Python scikit learn 中支持向量机模型分数的可变性/随机性答案

【问题标题】：Variability/randomness of Support Vector Machine model scores in Python's scikitlearnPython scikit learn 中支持向量机模型分数的可变性/随机性
【发布时间】：2021-05-05 16:41:45
【问题描述】：

我正在测试几个 ML 分类模型，在本例中是支持向量机。
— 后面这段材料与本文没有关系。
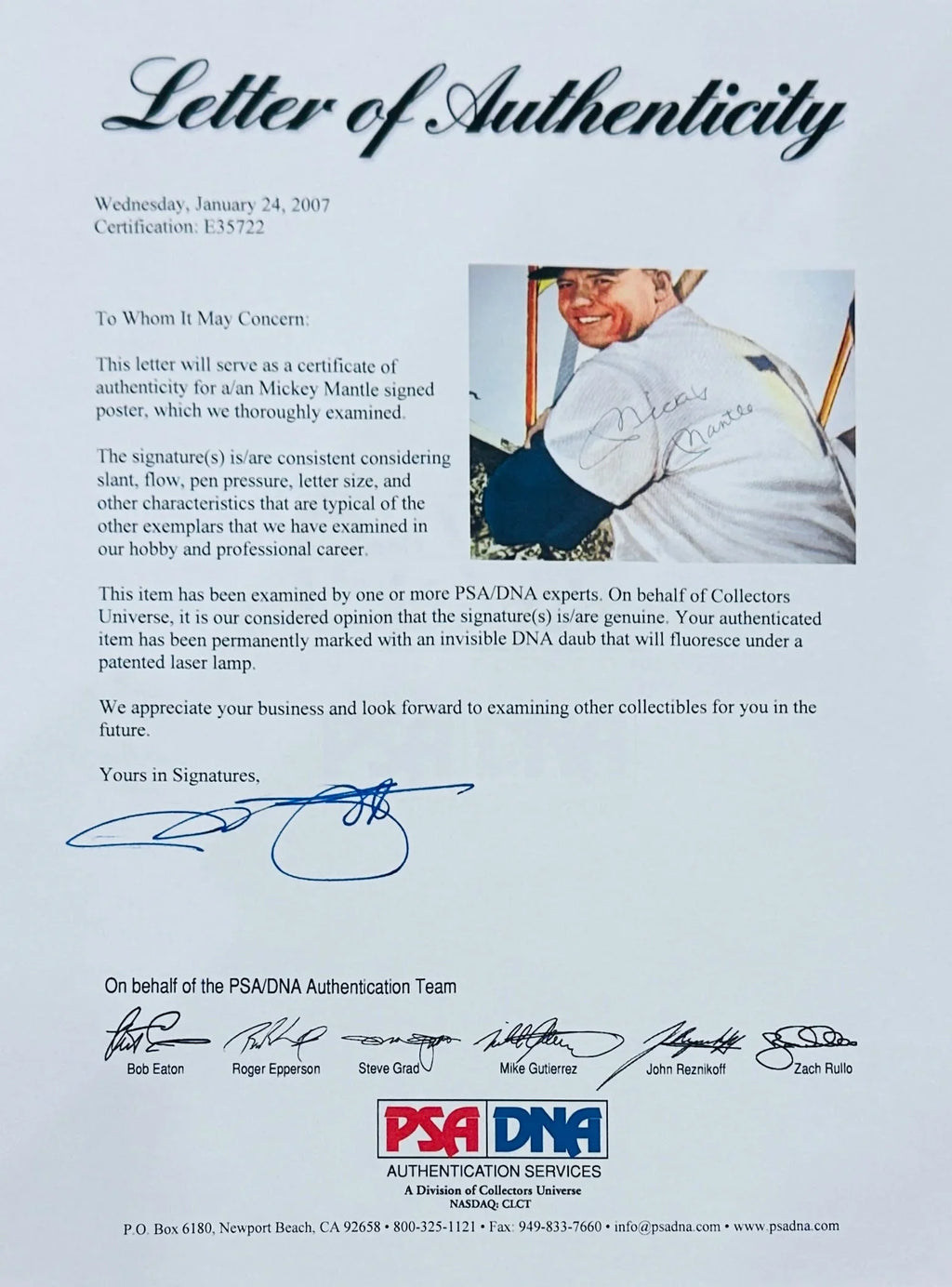 Relive the glory days of baseball with this limited edition deluxe framed photograph featuring a JSA authenticated autograph from a legendary player, Mickey Mantle. Proudly display this authenticated piece in your home or office, knowing that you are a part of baseball history. The perfect addition to any sports fan's collection, this item is sure to inspire strong emotions and bring back cherished memories. Don't miss your chance to own a one-of-a-kind piece of iconic sports memorabilia!

我对 SVM 算法及其工作原理有基本的了解。

我正在使用来自 scikit learn 的内置乳腺癌数据集。

from sklearn.datasets import load_breast_cancer
from sklearn.model_selection import train_test_split
from sklearn.svm import LinearSVC

使用下面的代码：

cancer = load_breast_cancer()
X_train, X_test, y_train, y_test = train_test_split(cancer.data, cancer.target, 
                                                    stratify=cancer.target, random_state=42)
clf2 = LinearSVC(C=0.01).fit(X_train, y_train)
clf3 = LinearSVC(C=0.1).fit(X_train, y_train)
clf4 = LinearSVC(C=1).fit(X_train, y_train)
clf5 = LinearSVC(C=10).fit(X_train, y_train)
clf6 = LinearSVC(C=100).fit(X_train, y_train)

当打印分数时：

print("Model training score with C=0.01:\n{:.3f}".format(clf2.score(X_train, y_train)))
print("Model testing score with C=0.01:\n{:.3f}".format(clf2.score(X_test, y_test)))
print("------------------------------")
print("Model training score with C=0.1:\n{:.3f}".format(clf3.score(X_train, y_train)))
print("Model testing score with C=0.1:\n{:.3f}".format(clf3.score(X_test, y_test)))
print("------------------------------")
print("Model training score with C=1:\n{:.3f}".format(clf4.score(X_train, y_train)))
print("Model testing score with C=1:\n{:.3f}".format(clf4.score(X_test, y_test)))
print("------------------------------")
print("Model training score with C=10:\n{:.3f}".format(clf5.score(X_train, y_train)))
print("Model testing score with C=10:\n{:.3f}".format(clf5.score(X_test, y_test)))
print("------------------------------")
print("Model training score with C=100:\n{:.3f}".format(clf6.score(X_train, y_train)))
print("Model testing score with C=100:\n{:.3f}".format(clf6.score(X_test, y_test)))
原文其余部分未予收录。